DATA PROVIDED -
== Segment start ==

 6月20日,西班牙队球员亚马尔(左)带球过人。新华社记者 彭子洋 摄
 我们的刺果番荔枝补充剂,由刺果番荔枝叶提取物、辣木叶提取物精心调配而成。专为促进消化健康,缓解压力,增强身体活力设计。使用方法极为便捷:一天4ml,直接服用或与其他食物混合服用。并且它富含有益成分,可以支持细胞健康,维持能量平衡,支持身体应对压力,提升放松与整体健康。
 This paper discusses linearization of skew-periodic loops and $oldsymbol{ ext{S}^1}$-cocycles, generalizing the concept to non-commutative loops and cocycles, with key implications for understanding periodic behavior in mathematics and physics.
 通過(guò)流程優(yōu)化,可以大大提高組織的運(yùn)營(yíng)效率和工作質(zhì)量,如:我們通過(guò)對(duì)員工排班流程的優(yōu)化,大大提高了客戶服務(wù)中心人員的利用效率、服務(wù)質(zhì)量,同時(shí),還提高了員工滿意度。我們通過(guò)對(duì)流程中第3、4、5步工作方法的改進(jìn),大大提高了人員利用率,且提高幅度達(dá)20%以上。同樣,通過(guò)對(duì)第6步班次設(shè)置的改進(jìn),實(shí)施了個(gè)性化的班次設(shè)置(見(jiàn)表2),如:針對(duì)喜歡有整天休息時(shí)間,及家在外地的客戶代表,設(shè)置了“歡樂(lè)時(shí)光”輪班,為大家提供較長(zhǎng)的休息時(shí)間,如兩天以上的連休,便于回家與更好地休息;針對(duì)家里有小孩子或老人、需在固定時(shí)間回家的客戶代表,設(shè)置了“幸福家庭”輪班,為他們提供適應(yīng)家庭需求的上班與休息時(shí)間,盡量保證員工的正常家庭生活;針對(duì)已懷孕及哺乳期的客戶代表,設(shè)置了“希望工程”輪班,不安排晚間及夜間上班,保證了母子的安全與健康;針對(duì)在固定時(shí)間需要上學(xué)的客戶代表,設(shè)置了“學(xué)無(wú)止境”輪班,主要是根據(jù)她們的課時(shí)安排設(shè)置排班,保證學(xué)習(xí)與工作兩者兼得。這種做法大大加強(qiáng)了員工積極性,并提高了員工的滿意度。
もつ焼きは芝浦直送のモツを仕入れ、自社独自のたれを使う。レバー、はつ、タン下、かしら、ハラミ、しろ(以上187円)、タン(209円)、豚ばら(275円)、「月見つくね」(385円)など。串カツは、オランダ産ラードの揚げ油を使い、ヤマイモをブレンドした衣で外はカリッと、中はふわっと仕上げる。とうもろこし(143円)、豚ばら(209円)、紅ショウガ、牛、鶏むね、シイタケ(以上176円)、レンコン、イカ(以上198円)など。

== Segment end ==

PROBLEM DETAILS -
From the first line above through the line that contains "通過(guò)流程優(yōu", quote each line exactly. Output nothing more.

OUTPUT FOR THIS EXERCISE -
 6月20日,西班牙队球员亚马尔(左)带球过人。新华社记者 彭子洋 摄
 我们的刺果番荔枝补充剂,由刺果番荔枝叶提取物、辣木叶提取物精心调配而成。专为促进消化健康,缓解压力,增强身体活力设计。使用方法极为便捷:一天4ml,直接服用或与其他食物混合服用。并且它富含有益成分,可以支持细胞健康,维持能量平衡,支持身体应对压力,提升放松与整体健康。
 This paper discusses linearization of skew-periodic loops and $oldsymbol{ ext{S}^1}$-cocycles, generalizing the concept to non-commutative loops and cocycles, with key implications for understanding periodic behavior in mathematics and physics.
 通過(guò)流程優(yōu)化,可以大大提高組織的運(yùn)營(yíng)效率和工作質(zhì)量,如:我們通過(guò)對(duì)員工排班流程的優(yōu)化,大大提高了客戶服務(wù)中心人員的利用效率、服務(wù)質(zhì)量,同時(shí),還提高了員工滿意度。我們通過(guò)對(duì)流程中第3、4、5步工作方法的改進(jìn),大大提高了人員利用率,且提高幅度達(dá)20%以上。同樣,通過(guò)對(duì)第6步班次設(shè)置的改進(jìn),實(shí)施了個(gè)性化的班次設(shè)置(見(jiàn)表2),如:針對(duì)喜歡有整天休息時(shí)間,及家在外地的客戶代表,設(shè)置了“歡樂(lè)時(shí)光”輪班,為大家提供較長(zhǎng)的休息時(shí)間,如兩天以上的連休,便于回家與更好地休息;針對(duì)家里有小孩子或老人、需在固定時(shí)間回家的客戶代表,設(shè)置了“幸福家庭”輪班,為他們提供適應(yīng)家庭需求的上班與休息時(shí)間,盡量保證員工的正常家庭生活;針對(duì)已懷孕及哺乳期的客戶代表,設(shè)置了“希望工程”輪班,不安排晚間及夜間上班,保證了母子的安全與健康;針對(duì)在固定時(shí)間需要上學(xué)的客戶代表,設(shè)置了“學(xué)無(wú)止境”輪班,主要是根據(jù)她們的課時(shí)安排設(shè)置排班,保證學(xué)習(xí)與工作兩者兼得。這種做法大大加強(qiáng)了員工積極性,并提高了員工的滿意度。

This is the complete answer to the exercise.